A rolling circle filter (RCF) is a background removal technique used in spectral pre-processing.46–48 RCF acts as a high-pass filter for the removal of background fluorescence which works by rolling under the spectra storing the minimum distance the between the circle and the data. 46 This is repeated and evaluated for shifted windows along the spectra, resulting in a list of the minimum distance between the circumference of the circle and the spectra which are then removed from the spectra as the background contribution. The RCF removes broad features from the spectra, thus maintaining the sharp characteristic Raman peaks.
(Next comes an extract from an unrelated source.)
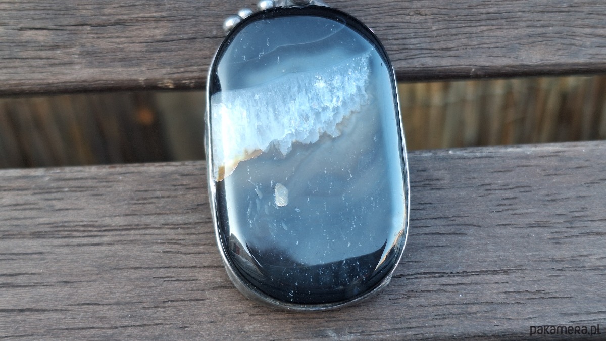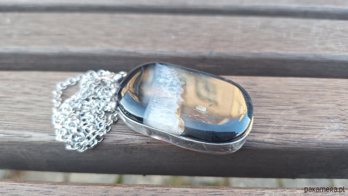 Wisiorek wykonany z miedzi, cyny i agatu. Wymiary ok. 5.5 na 3.5 cm. Zawieszony na łańcuszku o długości ok. 50 cm.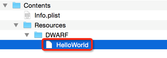 (1) Откройте терминал, перейдите в каталог HelloWorld.app.dSYM (расположение см. в описании метода 1) и выполните следующую команду:

The tuneable parameter with the RCF is the radius of the circle, which is typically chosen such that broad features are effectively removed and such that the circle cannot ‘roll’ into Raman peaks, hence diminishing them.
Polynomial baseline removal is a common method in pre-processing of Raman spectra.45,49,50 A polynomial of n order models the broad background fluorescence by searching for support points beneath the spectrum and is subsequently subtracted aiming to leave behind only the chemical contributions from a sample. Polynomial baseline removal fits an n order polynomial to the spectra, aiming to remove broader features uncharacteristic of Raman while maintaining peak structures. The polynomial removal algorithm used in this study has been taken from the hyperSpec R package, 51 which iteratively searches for appropriate spectral regions to fit a baseline to remove using least squares. Here the tuneable parameter is the order of the fitted polynomial.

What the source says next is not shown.